About this exercise: Every line of the listing below should come back exactly as written, with no images.

Information shown:

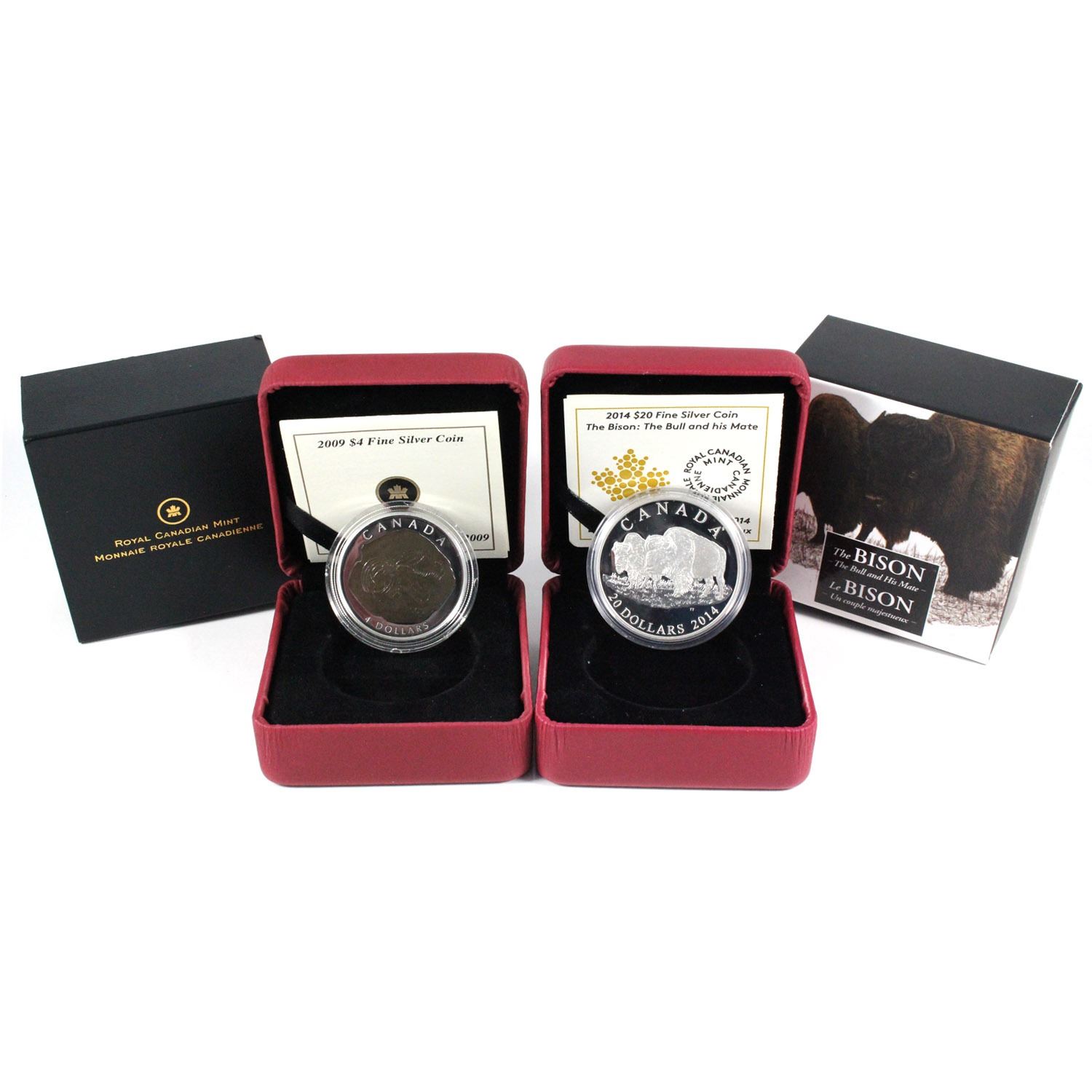2009 Canada $4 Dinosaur Collection - Tyrannosaurus Rex & 2014 $20 The Bison - The Bull and His Mate Fine Silver Coins (2009 capsule is cracked). 2pcs (TAX Exempt)
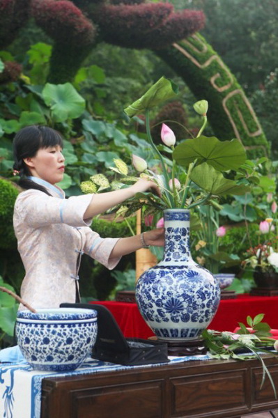 中國傳統插花源于唐代佛前供花,之后所演繹出的插花表演對工具、場所、養護水質、幾架形狀等都有嚴格規定,還要譜曲、詠詩謳歌,再飲美酒方能盡興。8月11、12日,上海插花花藝協會的專業藝術家們本著“古為今用、弘揚傳統”的理念,首次將靜態插花與動態藝術表演相結合,為市民游客重現了一場一千三百多年前唐代“九錫”式插花表演。花藝師在表演程式、服裝、音樂、手勢等方面既傳承古韻,又融入當代生活氣息,以荷花、蓮葉、蓮蓬為創作素材,以盤、瓶、碗、缸、籃、桶六大傳統容器作為花草生長的"房舍",創作出一件件精致、深邃、有生命、充滿意境的花卉藝術品,譜寫出一首首無言的詩,勾勒出一幅幅立體的畫。
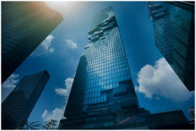 Dramatic view of modern skyscrapers amidst clouds
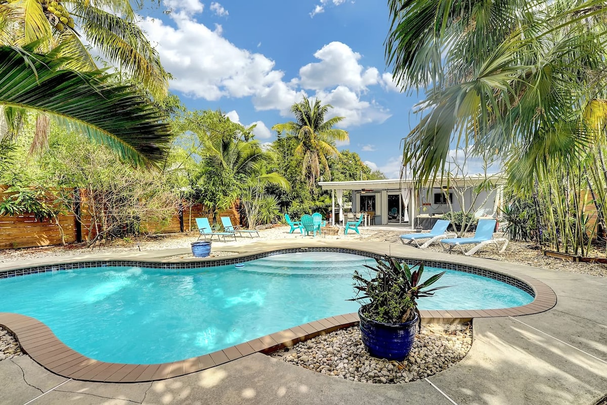 Beautifully furnished upscale home with a private, secluded backyard oasis. Enjoy the heated saltwater pool, hot tub, lush landscaping, and stylish indoor spaces with modern comforts. Fully equipped kitchen, gas grill, beach chairs, free WiFi, and cable TVs included. Perfect for relaxing, entertaining, or working remotely. Just a short walk to Wilton Drive and a quick drive to beaches and shopping.

Response:
2009 Canada $4 Dinosaur Collection - Tyrannosaurus Rex & 2014 $20 The Bison - The Bull and His Mate Fine Silver Coins (2009 capsule is cracked). 2pcs (TAX Exempt)
 中國傳統插花源于唐代佛前供花,之后所演繹出的插花表演對工具、場所、養護水質、幾架形狀等都有嚴格規定,還要譜曲、詠詩謳歌,再飲美酒方能盡興。8月11、12日,上海插花花藝協會的專業藝術家們本著“古為今用、弘揚傳統”的理念,首次將靜態插花與動態藝術表演相結合,為市民游客重現了一場一千三百多年前唐代“九錫”式插花表演。花藝師在表演程式、服裝、音樂、手勢等方面既傳承古韻,又融入當代生活氣息,以荷花、蓮葉、蓮蓬為創作素材,以盤、瓶、碗、缸、籃、桶六大傳統容器作為花草生長的"房舍",創作出一件件精致、深邃、有生命、充滿意境的花卉藝術品,譜寫出一首首無言的詩,勾勒出一幅幅立體的畫。
 Dramatic view of modern skyscrapers amidst clouds
 Beautifully furnished upscale home with a private, secluded backyard oasis. Enjoy the heated saltwater pool, hot tub, lush landscaping, and stylish indoor spaces with modern comforts. Fully equipped kitchen, gas grill, beach chairs, free WiFi, and cable TVs included. Perfect for relaxing, entertaining, or working remotely. Just a short walk to Wilton Drive and a quick drive to beaches and shopping.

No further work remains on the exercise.